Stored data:

+++++

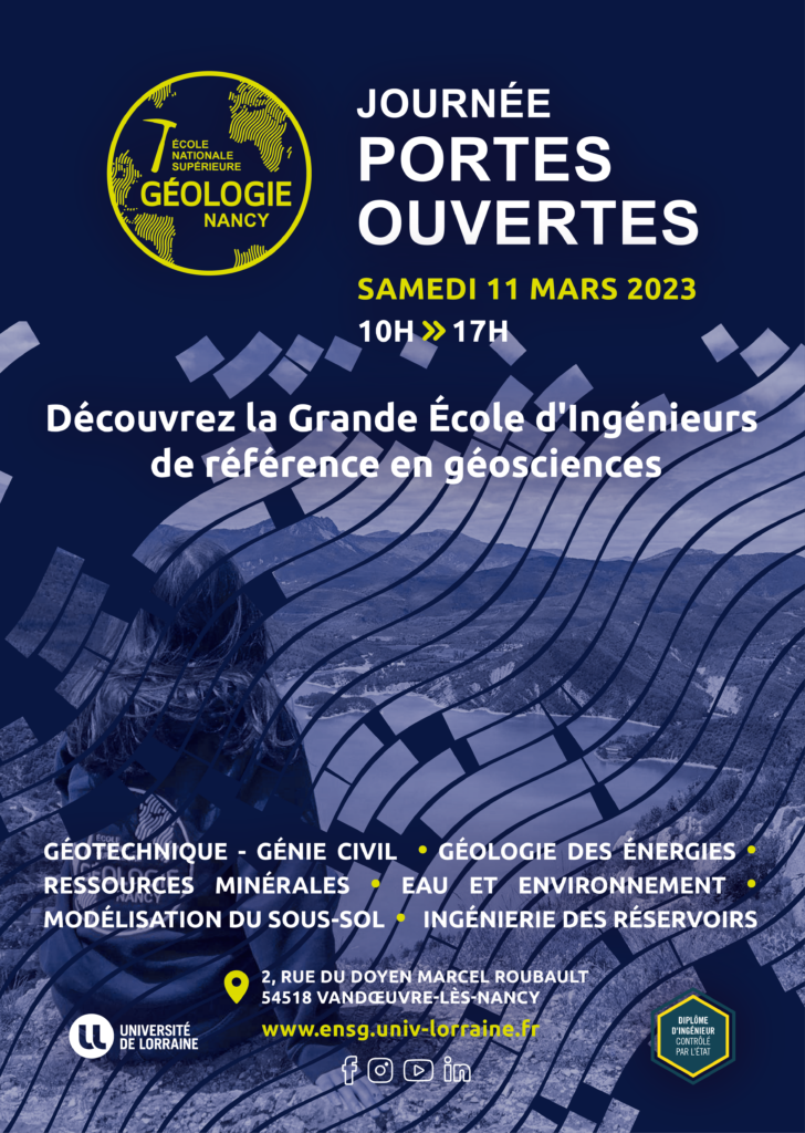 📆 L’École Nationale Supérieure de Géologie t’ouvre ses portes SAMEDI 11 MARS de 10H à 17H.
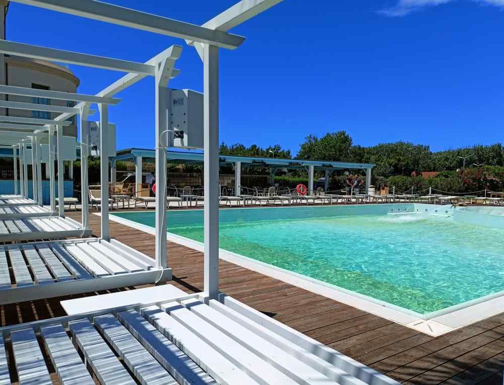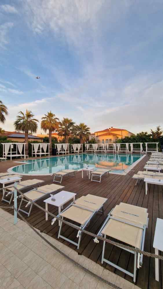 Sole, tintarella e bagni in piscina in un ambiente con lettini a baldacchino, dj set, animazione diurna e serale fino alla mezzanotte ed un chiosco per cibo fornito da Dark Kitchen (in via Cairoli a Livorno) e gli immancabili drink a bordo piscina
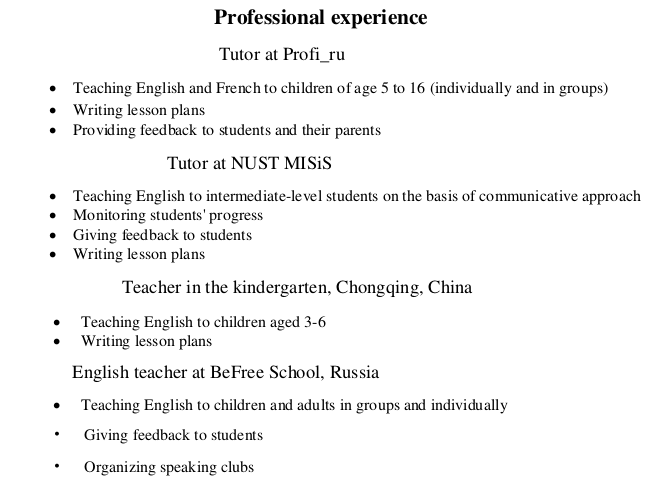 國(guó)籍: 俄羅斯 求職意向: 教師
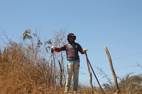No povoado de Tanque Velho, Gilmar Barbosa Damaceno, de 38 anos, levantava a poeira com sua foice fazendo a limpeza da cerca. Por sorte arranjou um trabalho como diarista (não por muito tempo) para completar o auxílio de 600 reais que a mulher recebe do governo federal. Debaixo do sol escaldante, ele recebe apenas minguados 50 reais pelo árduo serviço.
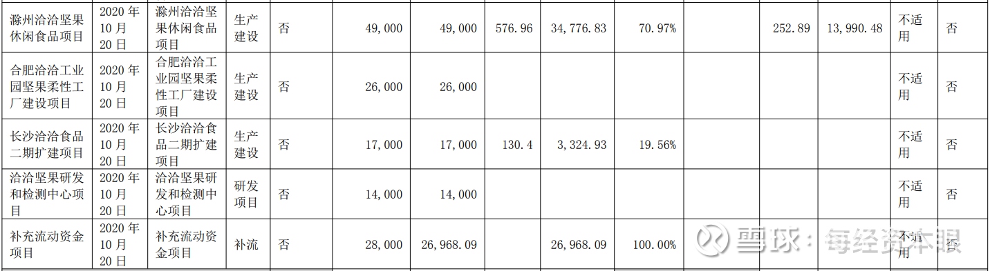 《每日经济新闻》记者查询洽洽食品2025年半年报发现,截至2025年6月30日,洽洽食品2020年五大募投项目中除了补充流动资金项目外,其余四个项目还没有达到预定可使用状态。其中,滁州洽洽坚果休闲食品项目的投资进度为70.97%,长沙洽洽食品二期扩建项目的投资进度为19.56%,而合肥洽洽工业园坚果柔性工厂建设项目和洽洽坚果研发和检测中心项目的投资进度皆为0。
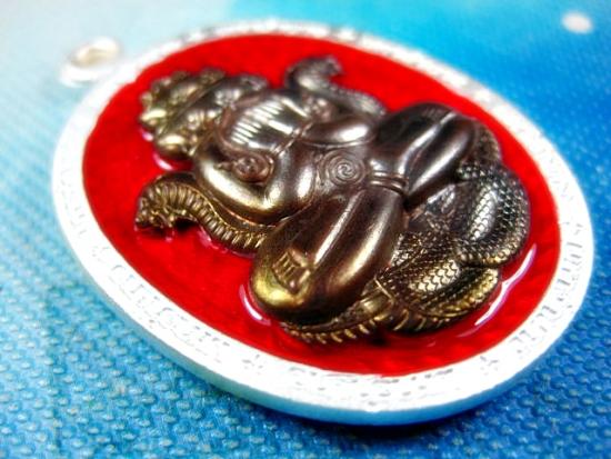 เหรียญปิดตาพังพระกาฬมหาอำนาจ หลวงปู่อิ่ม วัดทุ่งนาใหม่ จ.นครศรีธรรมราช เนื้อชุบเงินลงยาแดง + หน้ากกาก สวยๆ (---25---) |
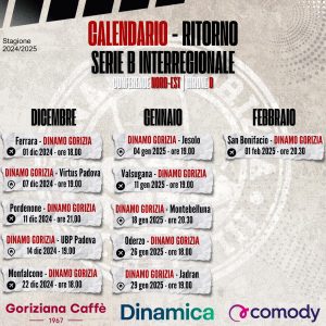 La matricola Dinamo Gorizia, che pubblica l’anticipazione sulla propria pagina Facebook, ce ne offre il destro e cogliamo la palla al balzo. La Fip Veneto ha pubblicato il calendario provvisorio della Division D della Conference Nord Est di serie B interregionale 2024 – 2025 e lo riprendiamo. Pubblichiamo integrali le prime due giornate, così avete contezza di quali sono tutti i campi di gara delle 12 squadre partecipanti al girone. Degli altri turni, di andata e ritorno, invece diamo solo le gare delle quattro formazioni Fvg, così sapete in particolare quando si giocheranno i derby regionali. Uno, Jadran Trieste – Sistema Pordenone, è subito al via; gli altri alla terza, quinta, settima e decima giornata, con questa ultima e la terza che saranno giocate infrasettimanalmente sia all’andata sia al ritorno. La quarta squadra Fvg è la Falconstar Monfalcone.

+++++

**Work instructions:** Each record above must be retyped exactly as given, with the images excluded.

**Written answer:**
 📆 L’École Nationale Supérieure de Géologie t’ouvre ses portes SAMEDI 11 MARS de 10H à 17H.
 Sole, tintarella e bagni in piscina in un ambiente con lettini a baldacchino, dj set, animazione diurna e serale fino alla mezzanotte ed un chiosco per cibo fornito da Dark Kitchen (in via Cairoli a Livorno) e gli immancabili drink a bordo piscina
 國(guó)籍: 俄羅斯 求職意向: 教師
No povoado de Tanque Velho, Gilmar Barbosa Damaceno, de 38 anos, levantava a poeira com sua foice fazendo a limpeza da cerca. Por sorte arranjou um trabalho como diarista (não por muito tempo) para completar o auxílio de 600 reais que a mulher recebe do governo federal. Debaixo do sol escaldante, ele recebe apenas minguados 50 reais pelo árduo serviço.
 《每日经济新闻》记者查询洽洽食品2025年半年报发现,截至2025年6月30日,洽洽食品2020年五大募投项目中除了补充流动资金项目外,其余四个项目还没有达到预定可使用状态。其中,滁州洽洽坚果休闲食品项目的投资进度为70.97%,长沙洽洽食品二期扩建项目的投资进度为19.56%,而合肥洽洽工业园坚果柔性工厂建设项目和洽洽坚果研发和检测中心项目的投资进度皆为0。
 เหรียญปิดตาพังพระกาฬมหาอำนาจ หลวงปู่อิ่ม วัดทุ่งนาใหม่ จ.นครศรีธรรมราช เนื้อชุบเงินลงยาแดง + หน้ากกาก สวยๆ (---25---) |
 La matricola Dinamo Gorizia, che pubblica l’anticipazione sulla propria pagina Facebook, ce ne offre il destro e cogliamo la palla al balzo. La Fip Veneto ha pubblicato il calendario provvisorio della Division D della Conference Nord Est di serie B interregionale 2024 – 2025 e lo riprendiamo. Pubblichiamo integrali le prime due giornate, così avete contezza di quali sono tutti i campi di gara delle 12 squadre partecipanti al girone. Degli altri turni, di andata e ritorno, invece diamo solo le gare delle quattro formazioni Fvg, così sapete in particolare quando si giocheranno i derby regionali. Uno, Jadran Trieste – Sistema Pordenone, è subito al via; gli altri alla terza, quinta, settima e decima giornata, con questa ultima e la terza che saranno giocate infrasettimanalmente sia all’andata sia al ritorno. La quarta squadra Fvg è la Falconstar Monfalcone.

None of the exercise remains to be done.